In Europe maternal deaths are rare, but it is strongly recommended that an analysis of their causes is essential for developing policies to reduce the death ratio. According to the data of the European Perinatal Health Report 2006– 2010, the highest ratios were observed in Latvia and Romania with 24.5 and 21.0 per 100 000 live births, respectively, compared to 2.5 in Italy, 2.6 in both Austria and Estonia, and 2.9 in Poland. Lithuania is somewhere in an intermediate position – the maternal death ratio is 4.1/100 000 live births for the mentioned period. The main causes of maternal death are obstetrical hemorrhage and hypertensive disorders (0.87/100 000 and 0.72/100 000 live births, respectively). Infections during pregnancy (chorioamnionitis, sepsis) and amniotic fluid embolisms are rather common causes of maternal mortality. In the last 20 years, there were 67 maternal deaths in Lithuania related to pregnancy and childbirth, as compared to 400 maternal deaths annually in the interwar years.

CONCLUSIONS

1. The Lithuanian Perinatology Program, orders issued by the Ministry of Health, regulating the care and treatment of mothers and their infants, and the well-running perinatal care system helped to improve the diagnostics and treatment of pregnancy pathology.

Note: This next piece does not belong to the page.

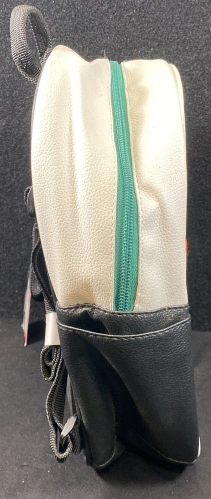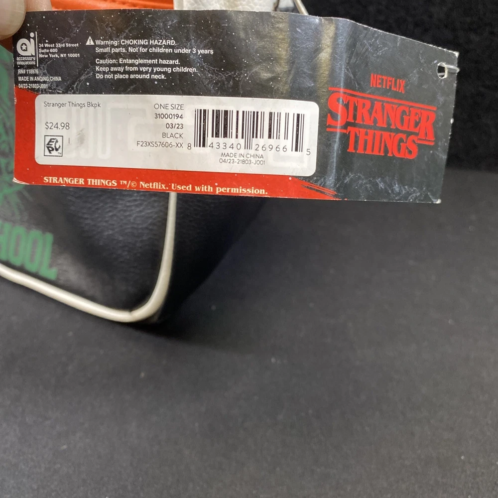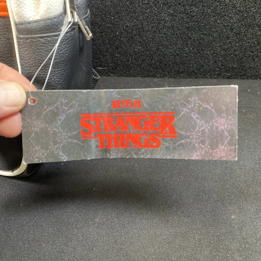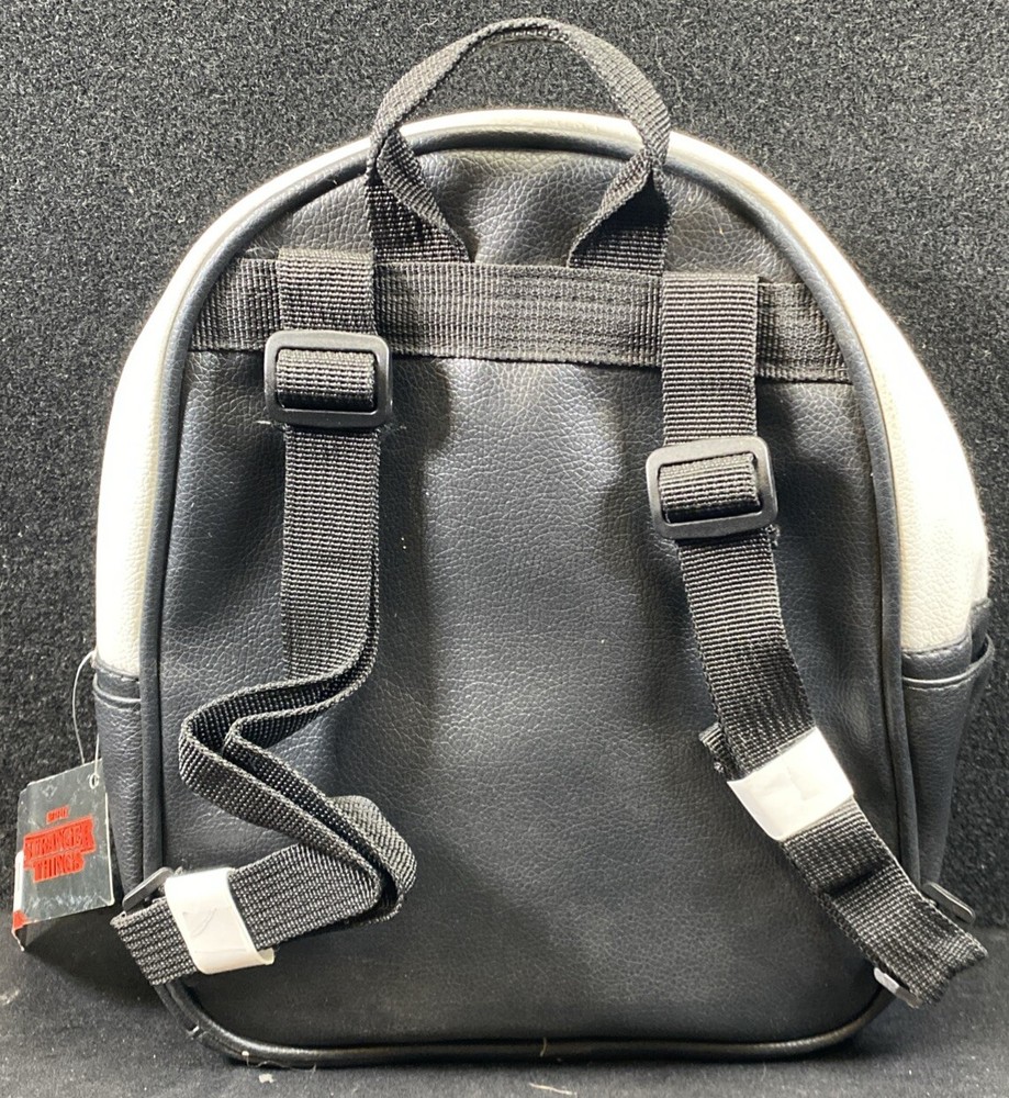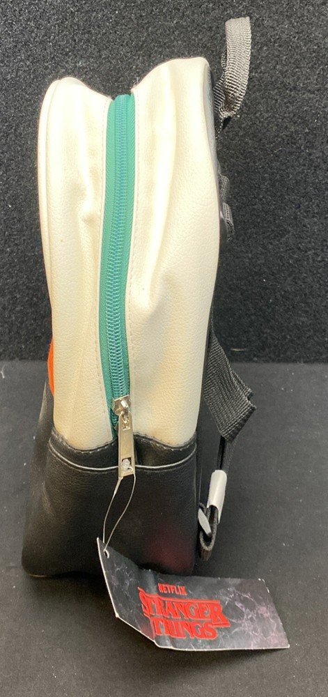This Netflix Stranger Things Hawkins High School Adult Mini Backpack features a multicolor print with a Hawkins High School design, inspired by the TV show "Stranger Things." The backpack is designed in a rectangular shape with a zip closure and measures 11 inches in height, 9 inches in width, and 4 inches in depth. It has a black handle/strap, black lining, and is made of faux leather, polyester, and leather materials. This mini backpack is a stylish accessory for fans of the show, offering a compact yet fashionable option for carrying essentials.

2. Over the last 20 years, Lithuania has experienced significant improvements in the perinatal health. The marked decrease in cardiovascular, respiratory, urinary and genital morbidity was observed among pregnant women. The percentage of gestational diabetes increased by 6.7 times due to improved diagnostics.

3. There were 67 maternal deaths related to pregnancy and childbirth in Lithuania during 1995–2014. Hemorrhage and infections during pregnancy, delivery and the postpartum period are considered the most common causes of maternal death.